Assignment — When the listing below reaches the line that has "2025年浙江高考413分(246945", start reproducing exactly; stop after the line that has "As de cœur rouge, peint et brodé main", and drop the pictures.

Dataset content —

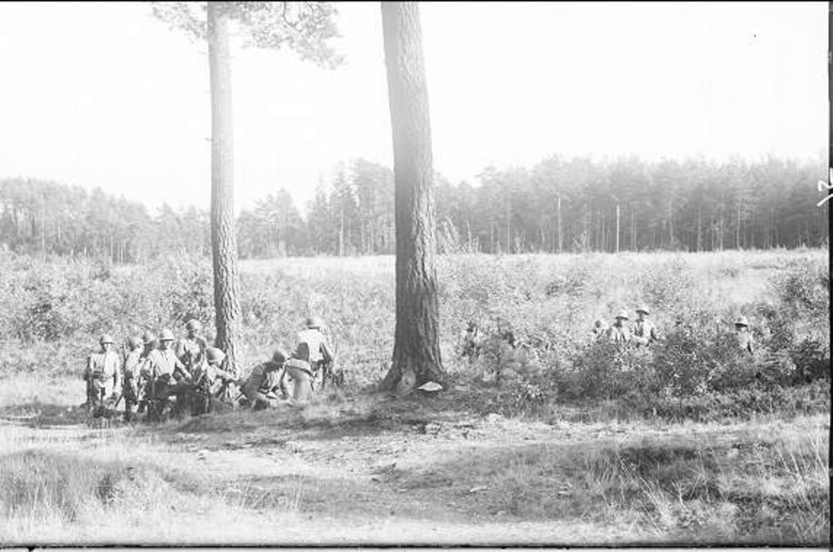 Aspirantskolan under inspektion av general Gyllenstierna i terrängtjänst. Skolchef ryttm. H. Strömfelt.
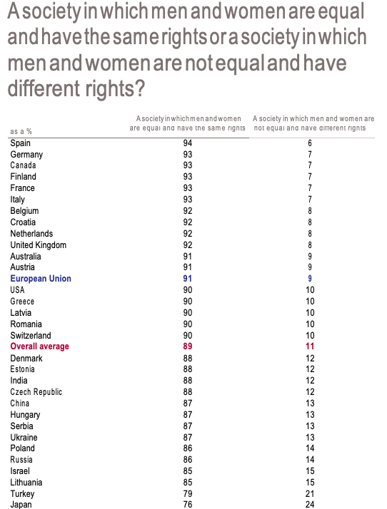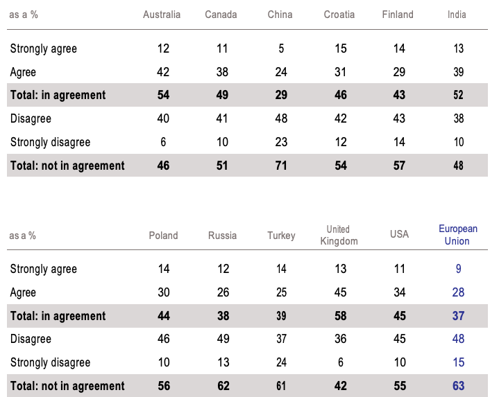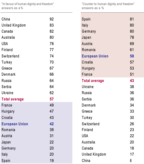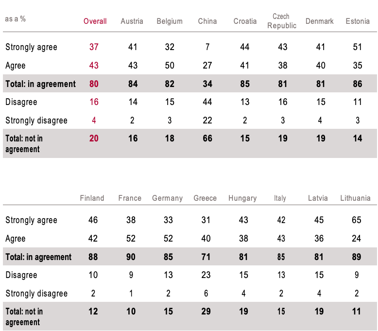 The Chinese were the only respondents to express a view to the contrary. Yet a third among them still indicated their agreement with this statement (34%). The fact that this question could be put to the Chinese, and the result obtained from it, are two of the most striking features of our survey.
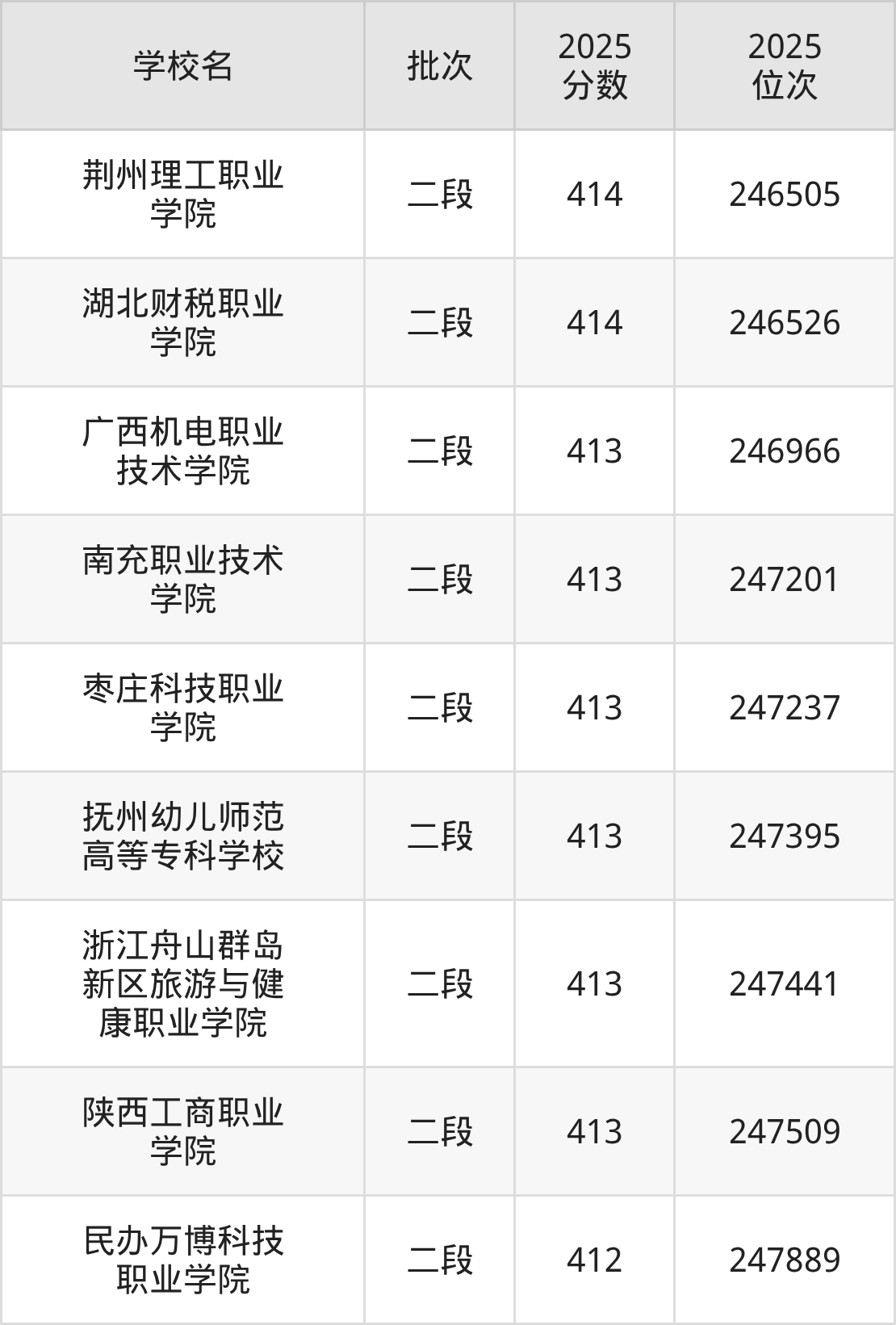 2025年浙江高考413分(246945名~247511名)能上的大学有浙江舟山群岛新区旅游与健康职业学院、陕西工商职业学院、南充职业技术学院、抚州幼儿师范高等专科学校等。
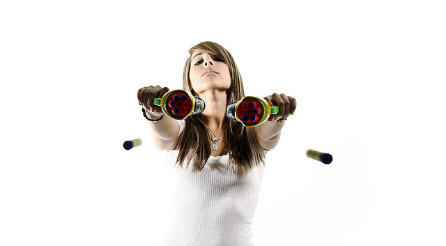Seems all the girls have guns now. Nerf guns, that is. But my daughter won’t be content with the little manually powered pump action gun. See, my daughter aspires to be a ninja like the ones in those bad Asian action movies. She’s already well on her way. Combining her gymnastics training with a friend’s Nerf gun, she’s turned target practice into something out of The Matrix.
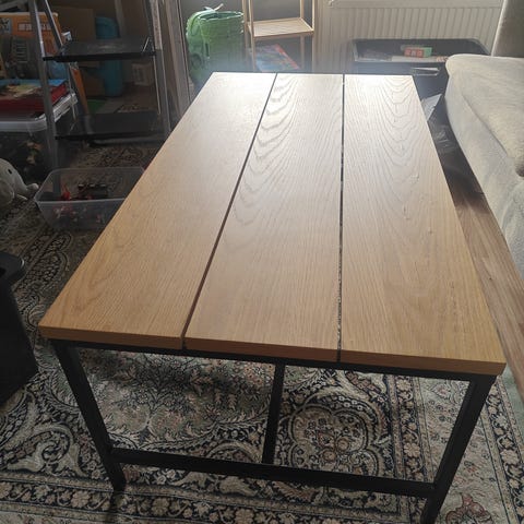 Annetaan valkoinen sohvapöytä. Pinnassa pieniä käytön jälkiä. Mieluusti nouto Perkkaalta.
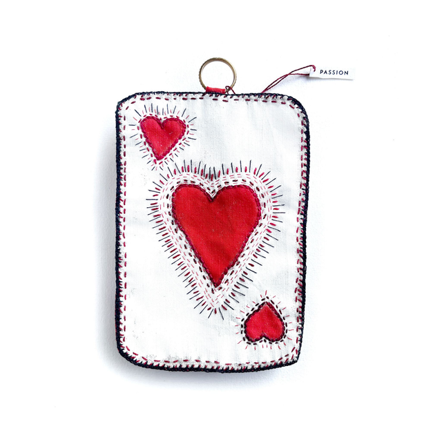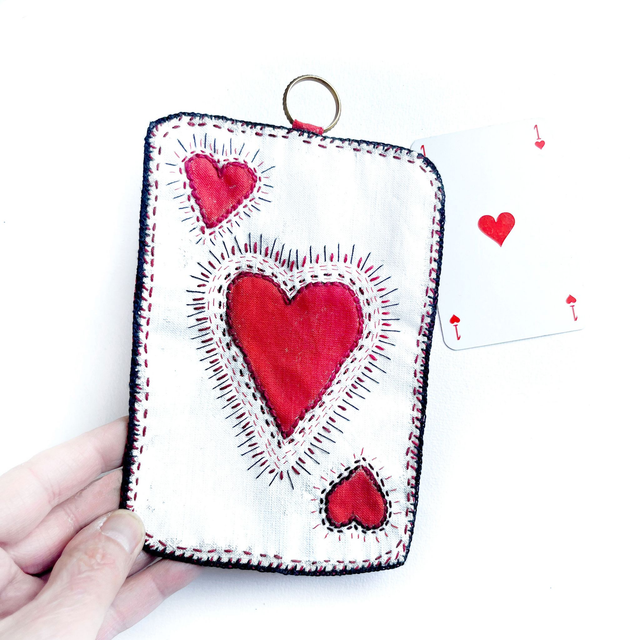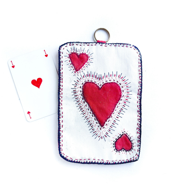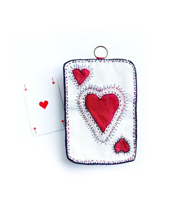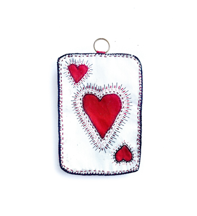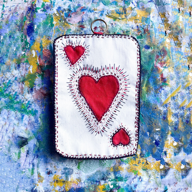 As de cœur rouge, peint et brodé main
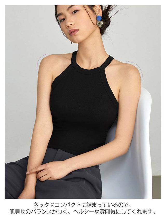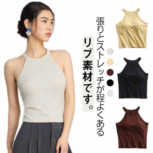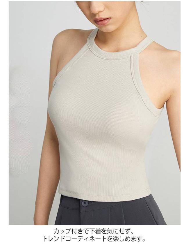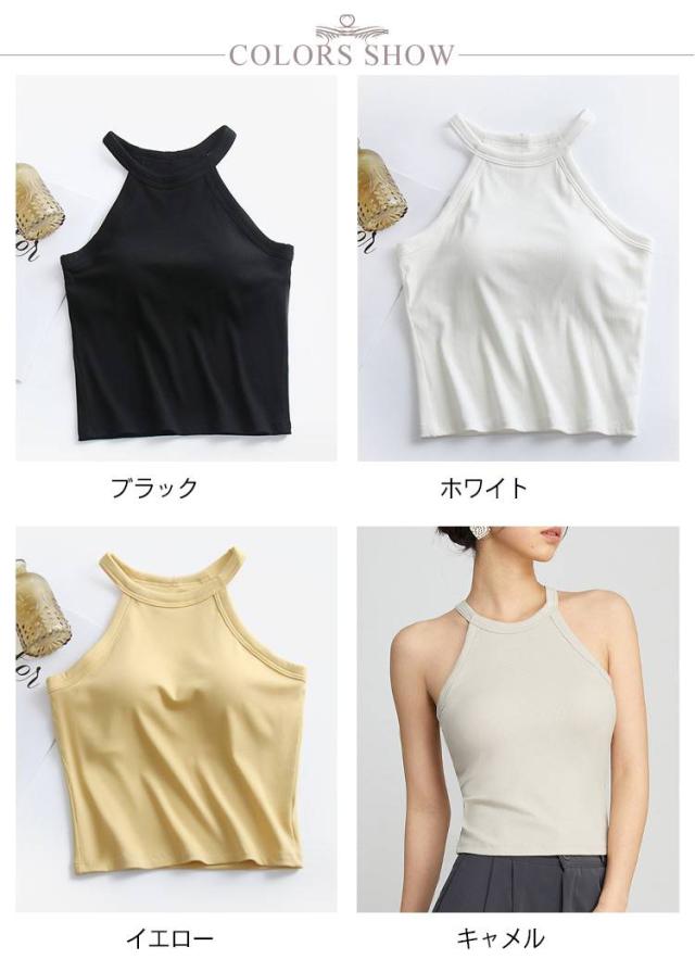 タンクトップ キャミソール レディース カップ付き ブラトップ トップス カップ付き ブラカップ ノースリーブ ホルターネック 無地 カジュアル リブ生地 インナー ホルターネックブラ ニット レイヤード 重ね着 おしゃれ スポーツ カットソー 春夏
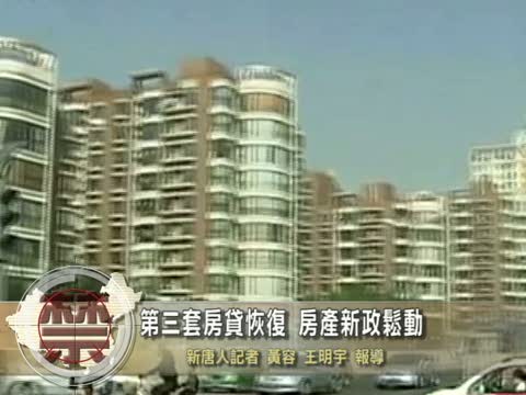 【新唐人2010年7月13日訊】「禁止第三套房屋貸款」是中國抑制房地產投機行為的新政策,不過這項所謂史上最嚴格的新政,很有可能成為“史上最短”的房產新政。目前傳出北京、上海和深圳等中國一線城市的銀行,對於「第三套房貸」已經恢復發放,媒體預測,中國的地產調控政策可能開始鬆動。
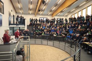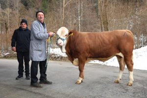 Das erste Highlight der Versteigerung konnte gleich zu Beginn verzeichnet werden. Der mischerbig hornlose „Hockey PS“ – Sohn (Katalognummer 1) vom Zuchtbetrieb Josef Dieplinger aus Altenmarkt und aufgezogen von Josef Deutinger aus Bockhorn konnte zu einem Spitzenpreis von 56.000 € verkauft werden. Ersteigert wurde der sehr gut entwickelte Bulle von der Besamungsstation Bayern Genetik aus Grub. Neben einem hohen Gesamtzuchtwert von 139 waren auch die Einzelzuchtwerte für den Kauf ausschlaggebend. So lagen alle relevanten Zuchtwerte im positiven Bereich, hinzu kommen eine Fundamentnote von 111 und eine Euternote von 119. Er soll in Zukunft auf den Namen „Hartholz PS“ hören und die gute Fleckviehgenetik aus dem Traunsteiner Zuchtgebiet weiterverbreiten. Auch bei den Natursprungbullen konnte ein durchaus zufriedenstellender Marktverlauf erreicht werden. Von den acht angebotenen Stieren konnten sieben einen neuen Besitzer finden und auch der durchschnittliche Steigpreis von fast 3.400 € (Preisspanne von 3.000 – 4.000 €) überzeugte.
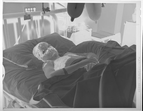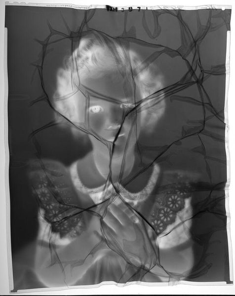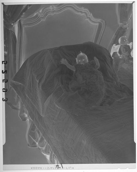 Curator: This is an untitled photograph by Martin Schweig, currently held at the Harvard Art Museums. It captures a young girl looking at a baby lying on a bed. Editor: The image has a poignant, almost haunting quality. The high contrast emphasizes the vulnerability of the children. Curator: Indeed. The image, though seemingly simple, touches upon the complex relationship of childhood, the anticipation of growth, and the symbolism of innocence. Editor: I wonder about the social context. Images of children often reflect societal values regarding family and future. What statement, if any, was Schweig making? Curator: Perhaps he was less concerned with a grand statement and more interested in capturing a tender moment, a private interaction between siblings. Editor: Ultimately, it is a study in contrasts, a reminder of the delicate balance of power and dependency within families. Curator: It leaves me pondering the universal themes of observation and the shared space of siblings.

Exercise answer —
 2025年浙江高考413分(246945名~247511名)能上的大学有浙江舟山群岛新区旅游与健康职业学院、陕西工商职业学院、南充职业技术学院、抚州幼儿师范高等专科学校等。
Seems all the girls have guns now. Nerf guns, that is. But my daughter won’t be content with the little manually powered pump action gun. See, my daughter aspires to be a ninja like the ones in those bad Asian action movies. She’s already well on her way. Combining her gymnastics training with a friend’s Nerf gun, she’s turned target practice into something out of The Matrix.
 Annetaan valkoinen sohvapöytä. Pinnassa pieniä käytön jälkiä. Mieluusti nouto Perkkaalta.
 As de cœur rouge, peint et brodé main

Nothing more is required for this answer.